Inverse Trig Functions
Trigonometric Functions
Trigonometric Functions
In precalculus algebra, you learned about inverse functions. One way to think about inverses is that a function \(f\) and its inverse \(f^{-1}\) flip inputs and outputs. In other words, if \(y = f(x)\) then \(x = f^{-1}(y)\). If the point \((a,b)\) is on the graph of \(f\), then the point \((b,a)\) is on the graph of \(f^{-1}\). If we apply this relationship to our trigonometric functions of right triangles, such as \(\sin(\theta) = \frac{\text{Opp}}{\text{Hyp}}\), then the angle \(\theta\) is the input and the ratio of the two sides is the output. If we flip those, then the ratio of sides becomes the input of the inverse sine function and the angle becomes the output.
For a right triangle given the length of two sides, we can determine the acute angle \(\theta\) using the following inverse functions.
Note that you may see the inverse trig functions expressed without the -1 exponent, such as \(\arcsin\) instead of \(\sin^{-1}\). You can read these as "arc sine" or "inverse sine."
When computing the values of inverse trig functions without technology, it can be helpful to think about the problem in reverse so that we can use the right triangle trigonometry and unit circle that we learned about earlier. So for example, how can we determine the exact value of \(\sin^{-1}\left(\frac{\sqrt{3}}{2}\right)\)? Well, first remember than an inverse function computes the angle, so we could express this as \(\theta = \sin^{-1}\left(\frac{\sqrt{3}}{2}\right)\). Then, we can apply our original idea that functions and inverse functions swap their inputs and outputs. This means we can rewrite \(\theta = \sin^{-1}\left(\frac{\sqrt{3}}{2}\right)\) as \(\sin(\theta) = \frac{\sqrt{3}}{2}\). What angle makes sine equal to \(\frac{\sqrt{3}}{2}\)? From our right triangle trig and the unit circle, we know that \(\sin(60^{\circ}) = \frac{\sqrt{3}}{2}\). So we can conclude that the value of \(\sin^{-1}\left(\frac{\sqrt{3}}{2}\right)\) is 60°.
Example #1: Find the exact value of the angle \(\theta\) in radians for the given triangle illustrated below.
In the triangle above, we are given the length of the side opposite \(\theta\) and the length of the hypotenuse. This means that in order to find the angle, we need to use inverse sine.

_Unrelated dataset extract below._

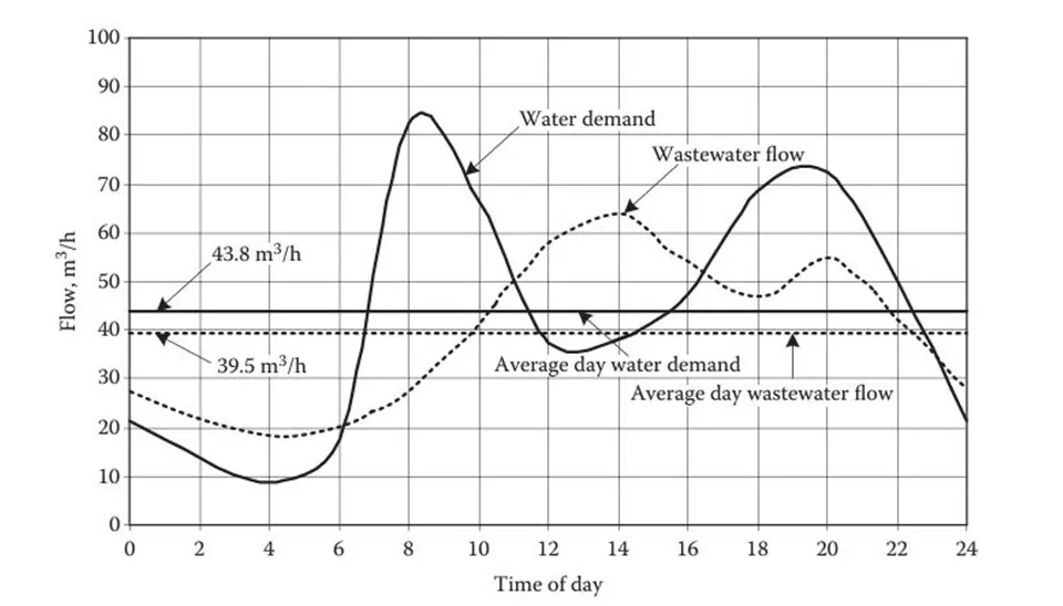 Like water demand, wastewater flows also vary in terms of time of the day, day of the week, weather conditions, and year's season. Under dry weather conditions, the daily wastewater flows show a diurnal pattern exhibiting a peak and a minimum in 24 hours. The diurnal wastewater flow parallels that of water demand with a time lag of a few hours (Fig. 3).

\[\begin{align*} \theta &= \sin^{-1}\left(\frac{\text{Opp}}{\text{Hyp}}\right) \\ \theta &= \sin^{-1}\left(\frac{6}{12}\right) \\ \theta &= \sin^{-1}\left(\frac{1}{2}\right) \end{align*}\]From our study of right triangles and the unit circle, we know that \(\sin(30^{\circ}) = \frac{1}{2}\), so we can conclude that \(\theta = 30^{\circ}\).
Example #2: Find the approximate value of the angle \(B\) in degrees (rounded to 1 decimal place) for the given triangle illustrated below.
In the triangle above, we are given the length of the side opposite \(B\) and the length of the side adjacent to \(B\). This means that in order to find the angle, we need to use inverse tangent.
\[\begin{align*} \theta &= \tan^{-1}\left(\frac{\text{Opp}}{\text{Adj}}\right) \\ \theta &= \tan^{-1}\left(\frac{12}{17}\right) \end{align*}\]If we try flipping the inputs and outputs, we could rewrite this as \(\tan(\theta) = \frac{12}{17}\), however this fraction is not one of the nice values that we saw on our unit circle or with the 45-45-90 or 30-60-90 triangles. So, we will need to use technology to compute this value. Whatever technology you use, be sure it is set to Degree mode. Then try computing the value. You should get \(B = 35.22^{\circ}\). If you get 0.61466, then your technology is set to Radian mode.
Self-Check #1: Find the exact value of the angle \(\alpha\) in degrees for the given triangle illustrated below. (Enter an exact value.)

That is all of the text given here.